Febles maintains that WSDA’s recommendation to avoid contracting for hemp seed prior to rules being finalized was not intended to be a rule. If a farmer contracted for seed and then failed to get a permit to farm hemp, that farmer would still have to pay for seeds they could never use. The WSDA was attempting to prevent that, according to Febles.
“Right now, anyone would be able to bring in seed into the state and they can store it at our DEA-approved storage in Spokane, but if you never receive a license, for whatever reason, you would never have access to your seed,” Febles said.
Castro said the first shipment of hemp seeds facilitated by the WSDA program would be delivered to a DEA-approved facility by the end of last week, but declined to specify which farmers they will go to.
Worthington claims that DEA import permits entered as evidence in this case that the seeds are bound for HempLogic USA because the permits show the same number of seeds (85) as they requested in April and from the same Canadian supplier.
E-mails between the supplier and a business partner of Worthington’s, filed as evidence in the lawsuit, show that the Canadian company was aware of HempLogic USA’s request for seeds. In the e-mails, Jeff Kostuik, a sales employee for Hemp Genetics International, told Worthington’s business partner that it was too late in the growing season for Hemp International to facilitate sending hemp seeds, but the employee directed the prospective farmer to HempLogic USA: “I currently have 2 shipments leaving for the State of Washington this week. Due to being this late in the season, I would suggest you contact Cory Sharp and or Shane Palmer to see if they could spare any seed for your client.”
It appears Febles directed prospective hemp farmers to HempLogic USA as well. A newsletter published by the WSDA on April 13 directed readers to HempLogic USA’s website under the title: “Looking for Industrial Hemp seed?”
Worthington isn’t the only farmer upset by the way Febles handled this hemp seed acquisition process.

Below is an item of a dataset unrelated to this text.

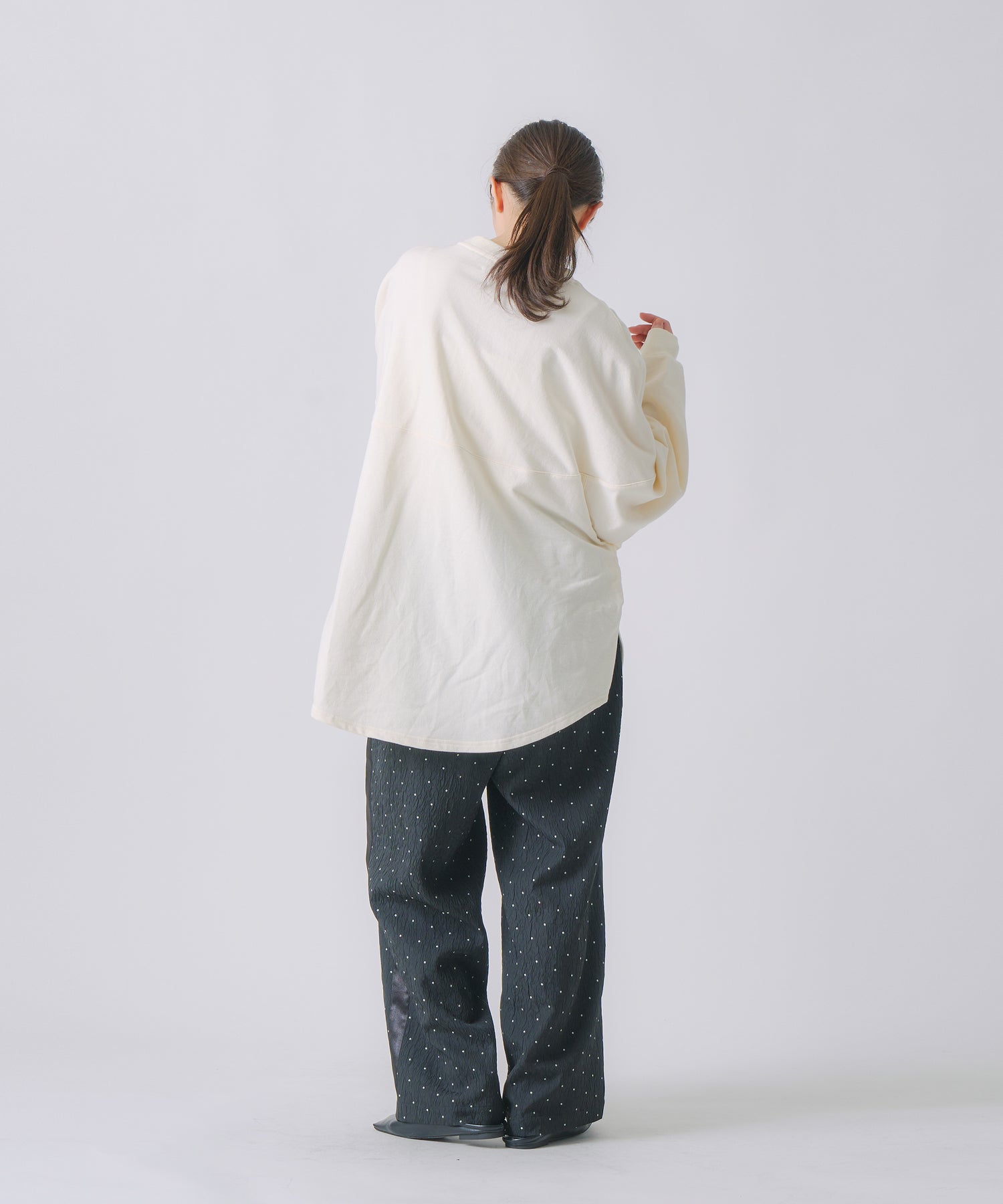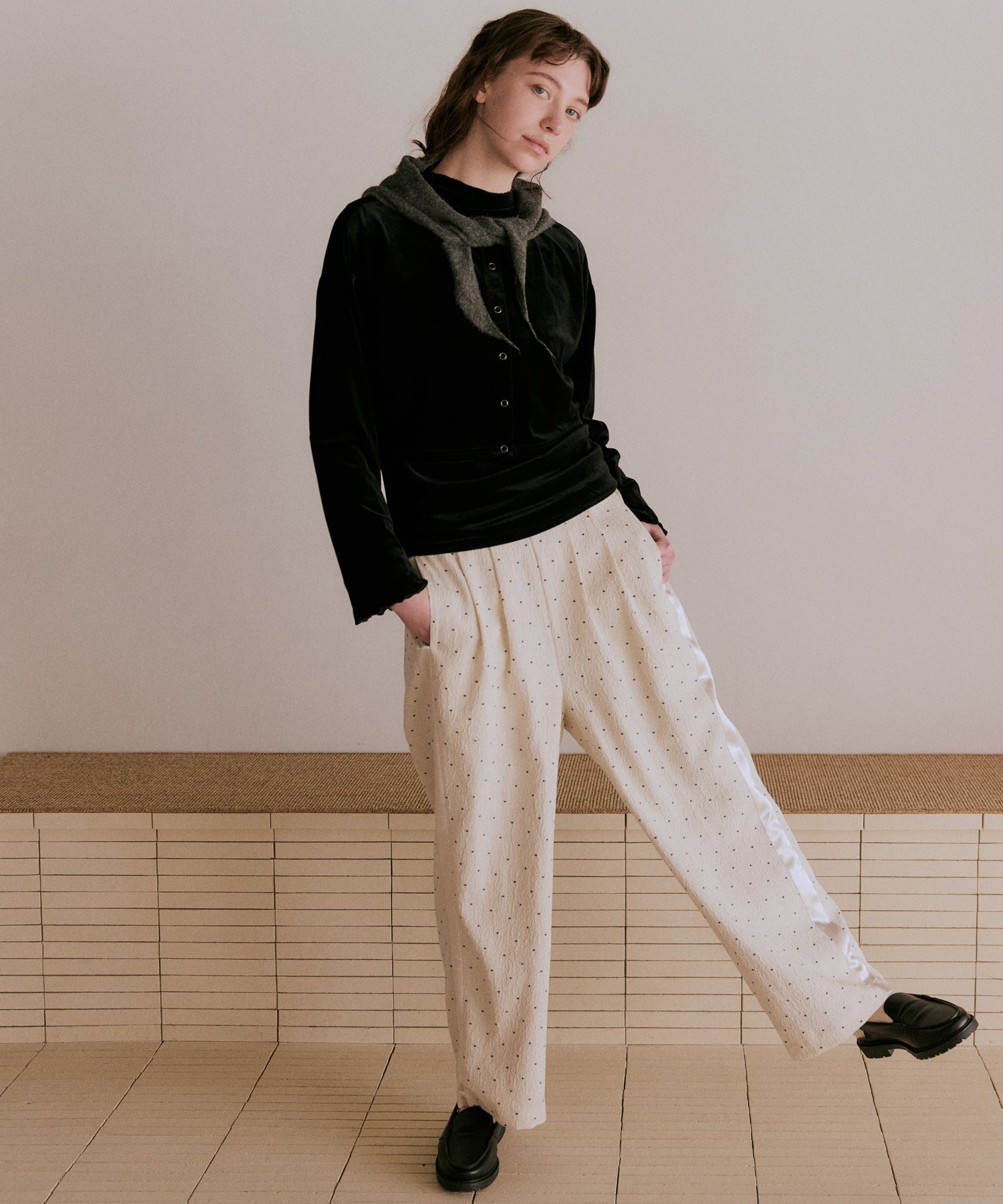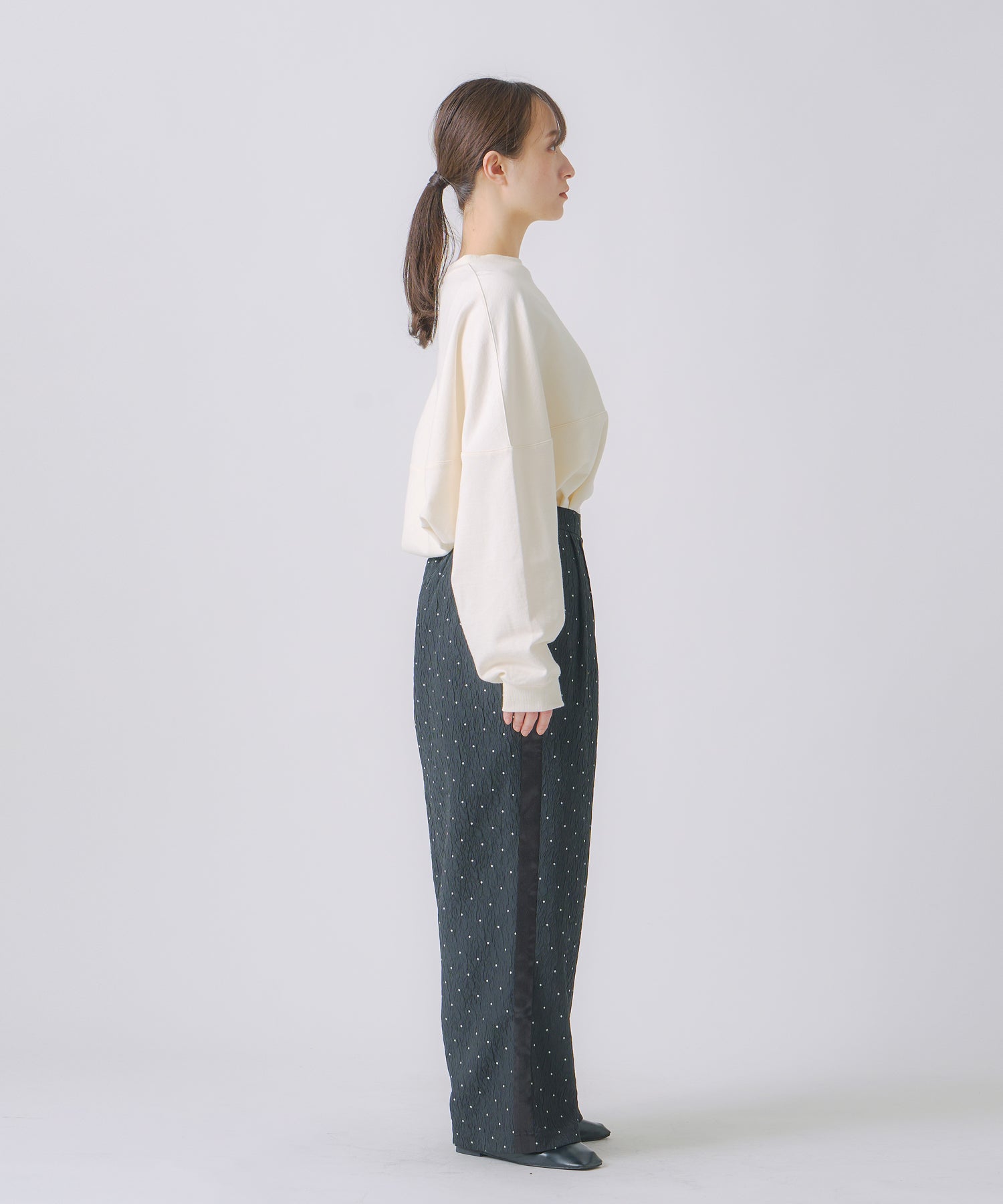 ジャガード素材に控えめなドット柄が繊細で、上品な質感が特徴的なパンツです。
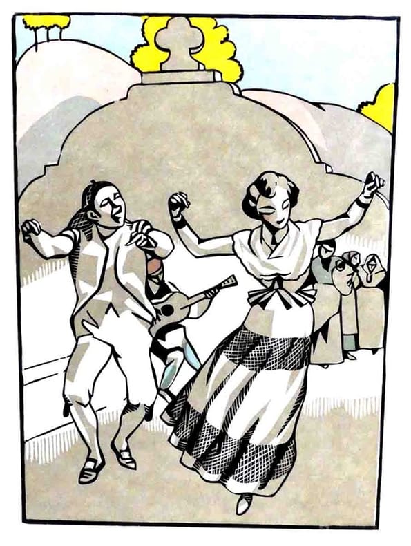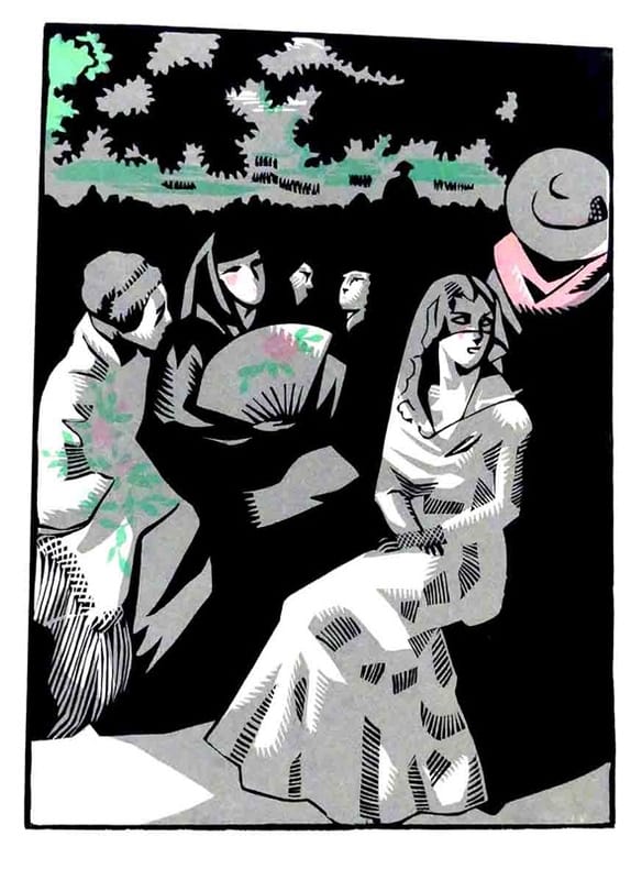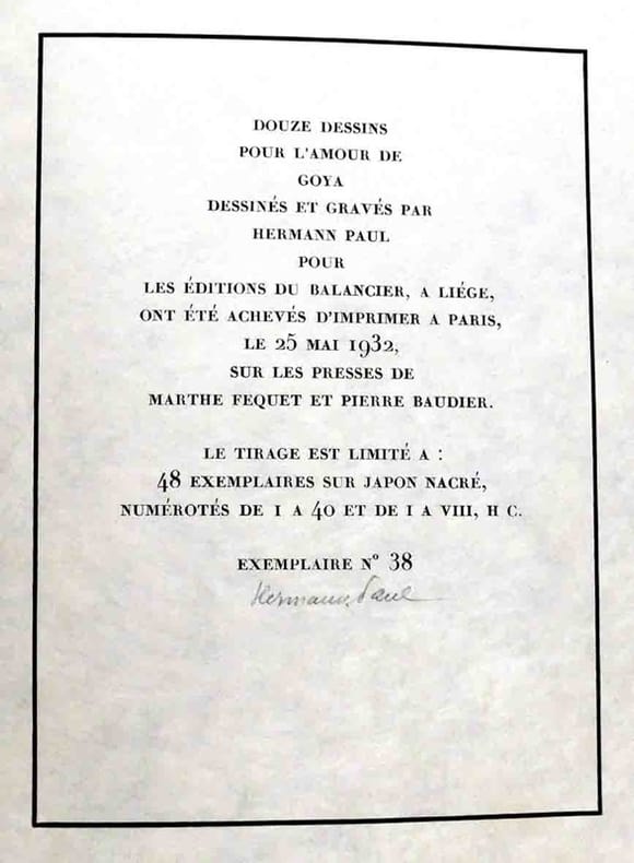Cette très rare suite en couleurs a été dessinée et gravée sur bois par Hermann-Paul. La vie de Goya. Cette suite en couleurs a été dessinée et gravée sur bois par Hermann-Paul. Elle représente en 12 moments de la vie de Goya : sa jeunesse, ses études de peintre, sa vie à Madrid, à la cour, à Bordeaux… Chaque planche est précédée d'un titre pris dans un encadrement. Elles ont été tirées à Paris sur les presses de Marthe Fequet et de Pierre Baudier. Hermann-Paul (Paris 1864-1940), peintre, professeur à l'école des beaux-arts de Paris, graveur et illustrateur est surtout connu pour son œuvre de dessinateur humoristique. Il participa notamment à L'Assiette au beurre, La Vie parisienne, Le Rire… Son œuvre picturale s'inspire de celle de Cézanne dont il admirait l'œuvre et des Nabis avec qui il exposa au Salon d'automne. Hermann-Paul est l'auteur de nombreuses suites comme La Vie de monsieur Quelconque (1894), Conseils obscurs (1925). Il illustra Carmen de Mérimée (1927), Gargantua de Rabelais (1921), Le Testament de Villon (1922), L'Assomoir de Zola (1920)… Cette rare suite, inconnue à Monod, a été imprimée à seulement 48 exemplaires sur Japon nacré. Celui-ci est l'un des 40 (n°38) signé par l'artiste. Très bel exemplaire.

Kathleen Greenbaum, whose family owns a small farm in Whatcom County, said she followed the rulemaking process closely and was never told she could acquire hemp seeds before the program’s rules became effective.
“Effectively everybody was shut out of this grow season except for Hemp Logic and anybody affiliated with their group,” said Greenbaum, who filed a statement in support of Worthington’s lawsuit. “I know how state government works and that’s not how it is supposed to work.”
Doris Hamilton, the manager of the Kentucky Department of Agriculture’s industrial hemp program, said their program would “absolutely not” give a farmer a permit to import hemp seeds before they are approved to participate in the program.
Russell Baer, a special agent with the DEA, said his department does not look into state licensing of hemp businesses.
It appears that Febles and HempLogic USA didn’t think Worthington’s lawsuit would delay the program – the company had originally planned a hemp planting event on May 24 in Moses Lake. Tickets for the private event, which was cancelled a day before the planned date, cost $200.
It's now been rescheduled for June 6.